Quanto à poesia, durante boa parte do século XIX ela foi considerada um gênero literário superior, reservado somente às grandes mentes, que logravam abstrair das coisas mundanas e delas
abstrair verdades eternas e pensamentos profundos. À exceção de
Cristina Rosseti na Inglaterra, raras são as poetas que conseguiram ser aceitas exclusivamente como poetas, o que pelo menos em
parte explica a recusa de Dickinson em publicar seus poemas e se
tornar uma pessoa pública, como o conhecido poema 260, “I’m
Nobody! Who are you?”, claramente afirma.

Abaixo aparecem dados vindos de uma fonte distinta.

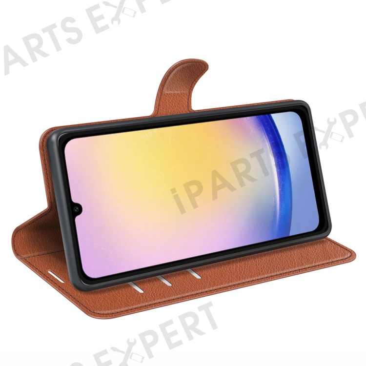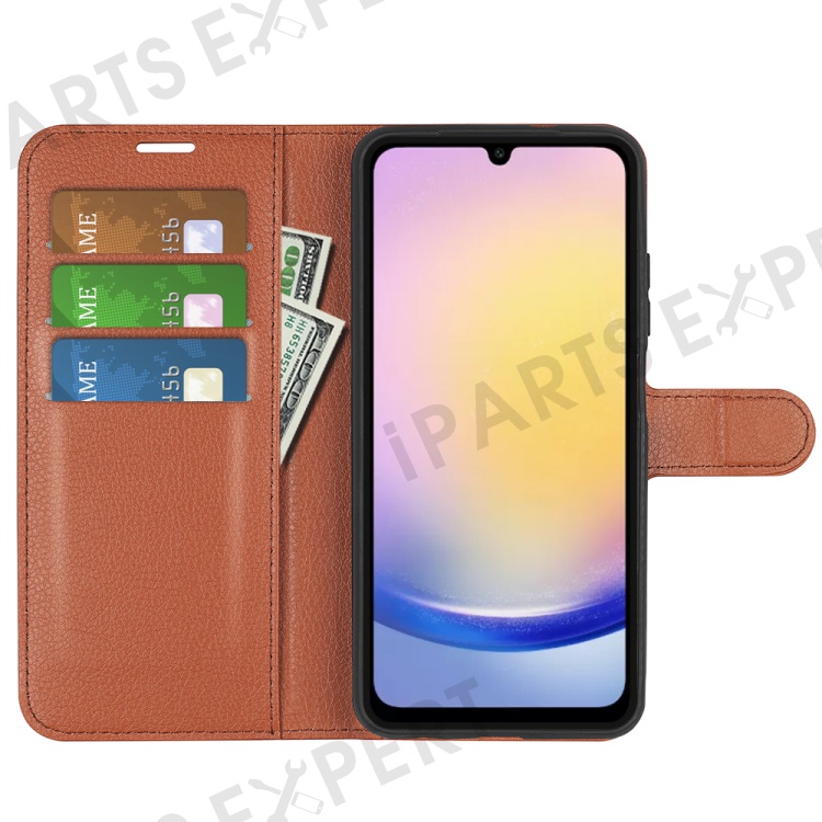 For Samsung Galaxy A26 5G Case Litchi Texture Shockproof Leather Wallet Phone Cover - Brown

Emily Dickinson se tornou um caso exemplar para o estudo da
complexidade da autoria poética feminina; em seus poemas podemos perceber várias nuances desta difícil relação das poetas com
sua auto afirmação literária em uma sociedade que lhes impõe a
subordinação e o silêncio. Assim, nos poemas de Dickinson a crítica começa a perceber tanto momentos de auto-realização, como
quando a poeta chega a se comparar com Deus, como momentos
de apequenamento, nos quais a poeta se sente inferiorizada pela
sua condição de mulher.
A percepção da poesia de Dickinson como uma arena na qual
todas essas questões foram vividas revelou uma complexidade
que resultou em uma nova onda de popularidade da poeta, desta
vez por razões que teriam com certeza satisfeito a “mariposa de
Amherst”, como a poeta foi amiúde referida.

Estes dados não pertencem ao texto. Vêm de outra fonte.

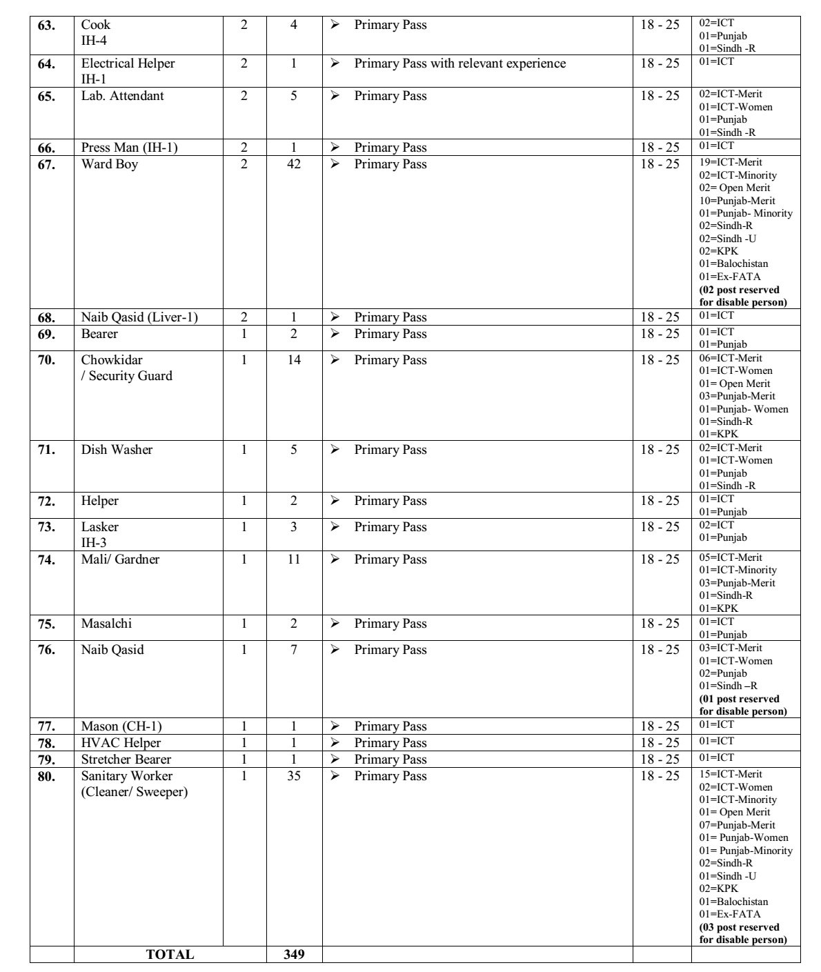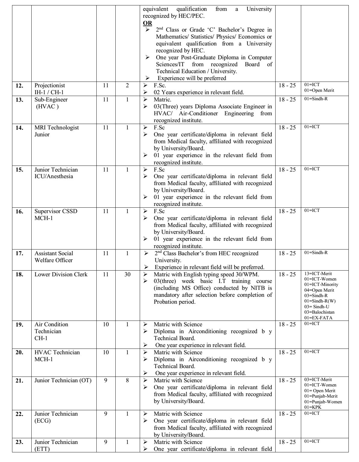 Pakistan Institute of Medical Science (PIMS) Jobs Grade 1-15

Este é, em linhas gerais, o interessante tema do livro de Natália
Helena Wiechmann, no qual a jovem pesquisadora se embrenha
pela crítica feminista para tentar entender melhor o processo de
autoria poética em Emily Dickinson. Se a complexidade do tema
poderia, em alguns casos, resultar em uma linguagem carregada de
jargões e obscuridade, o texto de Wiechmann é fluente, claro e ao
percorrer seus argumentos e exposições, temos a sensação da mão
segura de quem sabe o que está fazendo.